**ACTIVITY:**
Could you restate word for word only the lines below from the one holding "La pochette brodée" to the one holding "Bengkayang Post-(Landak). Peletakan", inclusive, and leave out the pictures?

**INFORMATION SHOWN:**
******************************

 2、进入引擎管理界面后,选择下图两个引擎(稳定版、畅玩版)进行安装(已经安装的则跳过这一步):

******************************

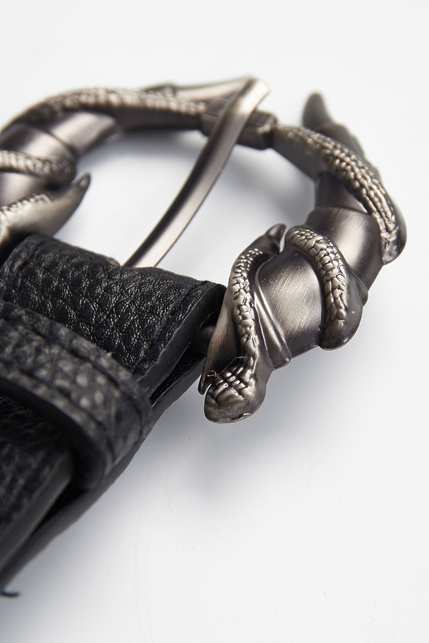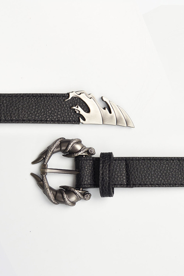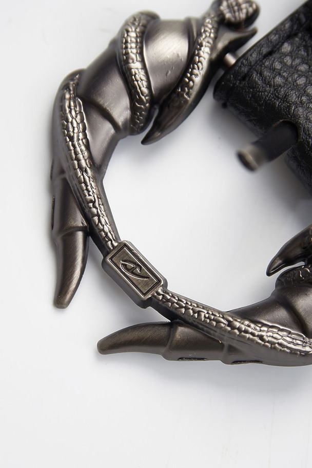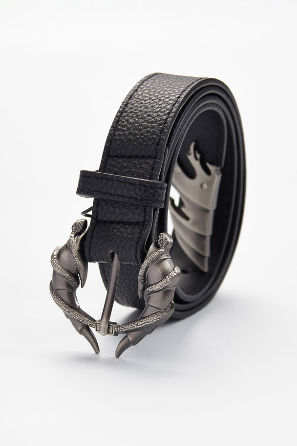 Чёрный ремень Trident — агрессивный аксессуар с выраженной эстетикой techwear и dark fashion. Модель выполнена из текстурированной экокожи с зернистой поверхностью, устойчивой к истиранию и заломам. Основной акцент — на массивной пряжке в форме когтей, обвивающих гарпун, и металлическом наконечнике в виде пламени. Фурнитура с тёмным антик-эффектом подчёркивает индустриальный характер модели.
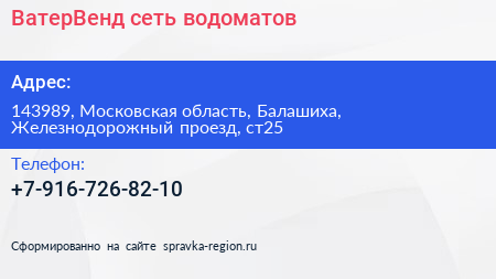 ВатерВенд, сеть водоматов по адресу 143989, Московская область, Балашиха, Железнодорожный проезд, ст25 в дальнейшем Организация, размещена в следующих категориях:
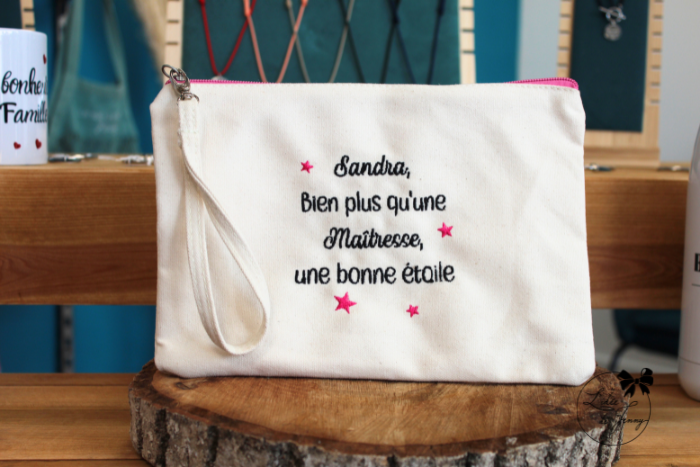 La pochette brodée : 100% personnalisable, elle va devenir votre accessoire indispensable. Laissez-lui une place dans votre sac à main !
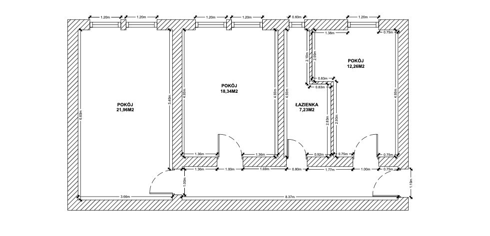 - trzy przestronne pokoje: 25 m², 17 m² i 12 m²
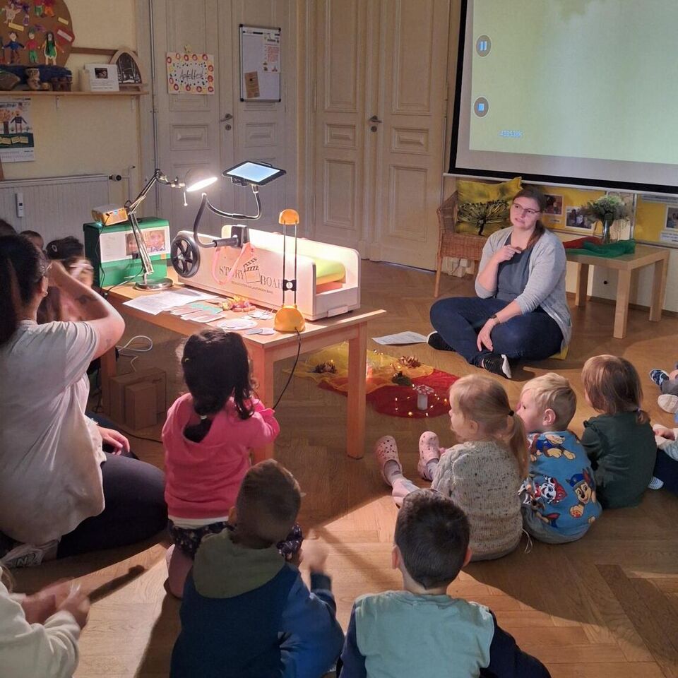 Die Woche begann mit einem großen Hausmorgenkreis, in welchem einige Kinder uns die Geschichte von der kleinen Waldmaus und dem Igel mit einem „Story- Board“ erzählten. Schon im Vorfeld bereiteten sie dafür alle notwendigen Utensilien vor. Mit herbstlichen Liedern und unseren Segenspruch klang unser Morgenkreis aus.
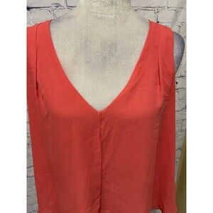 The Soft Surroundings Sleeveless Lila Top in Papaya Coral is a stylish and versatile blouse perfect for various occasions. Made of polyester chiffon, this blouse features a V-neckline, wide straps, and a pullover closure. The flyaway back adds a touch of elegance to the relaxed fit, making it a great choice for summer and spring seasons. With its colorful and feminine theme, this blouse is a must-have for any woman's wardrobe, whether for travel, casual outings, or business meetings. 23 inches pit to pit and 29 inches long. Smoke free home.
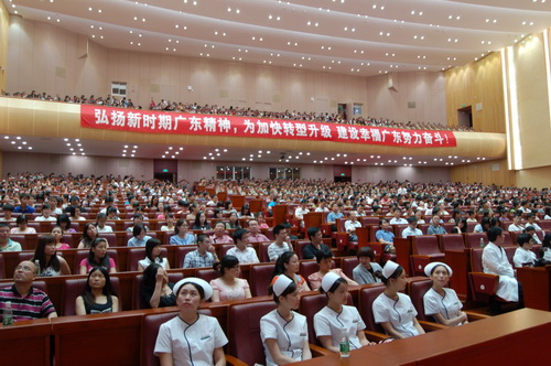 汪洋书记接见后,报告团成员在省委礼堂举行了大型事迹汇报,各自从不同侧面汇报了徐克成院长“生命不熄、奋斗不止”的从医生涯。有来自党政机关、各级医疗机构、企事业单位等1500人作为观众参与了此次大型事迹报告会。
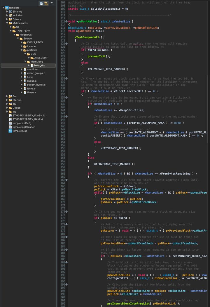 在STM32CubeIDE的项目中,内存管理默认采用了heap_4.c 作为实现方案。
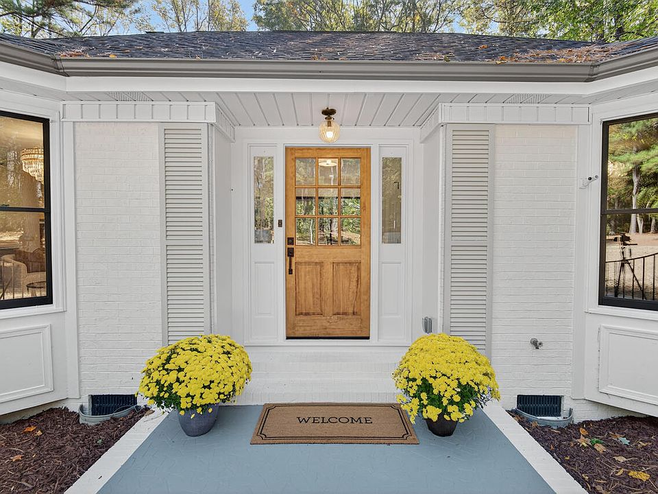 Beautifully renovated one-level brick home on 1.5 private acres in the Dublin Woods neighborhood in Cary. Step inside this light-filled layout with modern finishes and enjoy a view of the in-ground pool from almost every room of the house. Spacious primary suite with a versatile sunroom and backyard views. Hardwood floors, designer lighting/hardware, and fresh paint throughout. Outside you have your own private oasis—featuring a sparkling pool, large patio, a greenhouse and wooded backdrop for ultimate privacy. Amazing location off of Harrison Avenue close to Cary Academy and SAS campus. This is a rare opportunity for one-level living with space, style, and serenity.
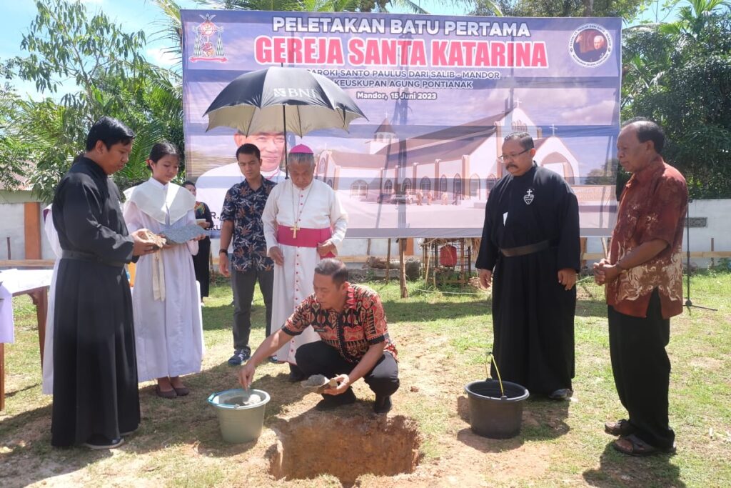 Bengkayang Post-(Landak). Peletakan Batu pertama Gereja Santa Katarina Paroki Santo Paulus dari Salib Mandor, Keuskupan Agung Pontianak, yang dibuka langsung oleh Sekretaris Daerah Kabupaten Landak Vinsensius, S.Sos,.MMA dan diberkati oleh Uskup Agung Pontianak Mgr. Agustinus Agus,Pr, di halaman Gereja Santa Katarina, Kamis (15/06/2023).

******************************

**EXPECTED OUTPUT:**
 La pochette brodée : 100% personnalisable, elle va devenir votre accessoire indispensable. Laissez-lui une place dans votre sac à main !
 - trzy przestronne pokoje: 25 m², 17 m² i 12 m²
 Die Woche begann mit einem großen Hausmorgenkreis, in welchem einige Kinder uns die Geschichte von der kleinen Waldmaus und dem Igel mit einem „Story- Board“ erzählten. Schon im Vorfeld bereiteten sie dafür alle notwendigen Utensilien vor. Mit herbstlichen Liedern und unseren Segenspruch klang unser Morgenkreis aus.
 The Soft Surroundings Sleeveless Lila Top in Papaya Coral is a stylish and versatile blouse perfect for various occasions. Made of polyester chiffon, this blouse features a V-neckline, wide straps, and a pullover closure. The flyaway back adds a touch of elegance to the relaxed fit, making it a great choice for summer and spring seasons. With its colorful and feminine theme, this blouse is a must-have for any woman's wardrobe, whether for travel, casual outings, or business meetings. 23 inches pit to pit and 29 inches long. Smoke free home.
 汪洋书记接见后,报告团成员在省委礼堂举行了大型事迹汇报,各自从不同侧面汇报了徐克成院长“生命不熄、奋斗不止”的从医生涯。有来自党政机关、各级医疗机构、企事业单位等1500人作为观众参与了此次大型事迹报告会。
 在STM32CubeIDE的项目中,内存管理默认采用了heap_4.c 作为实现方案。
 Beautifully renovated one-level brick home on 1.5 private acres in the Dublin Woods neighborhood in Cary. Step inside this light-filled layout with modern finishes and enjoy a view of the in-ground pool from almost every room of the house. Spacious primary suite with a versatile sunroom and backyard views. Hardwood floors, designer lighting/hardware, and fresh paint throughout. Outside you have your own private oasis—featuring a sparkling pool, large patio, a greenhouse and wooded backdrop for ultimate privacy. Amazing location off of Harrison Avenue close to Cary Academy and SAS campus. This is a rare opportunity for one-level living with space, style, and serenity.
 Bengkayang Post-(Landak). Peletakan Batu pertama Gereja Santa Katarina Paroki Santo Paulus dari Salib Mandor, Keuskupan Agung Pontianak, yang dibuka langsung oleh Sekretaris Daerah Kabupaten Landak Vinsensius, S.Sos,.MMA dan diberkati oleh Uskup Agung Pontianak Mgr. Agustinus Agus,Pr, di halaman Gereja Santa Katarina, Kamis (15/06/2023).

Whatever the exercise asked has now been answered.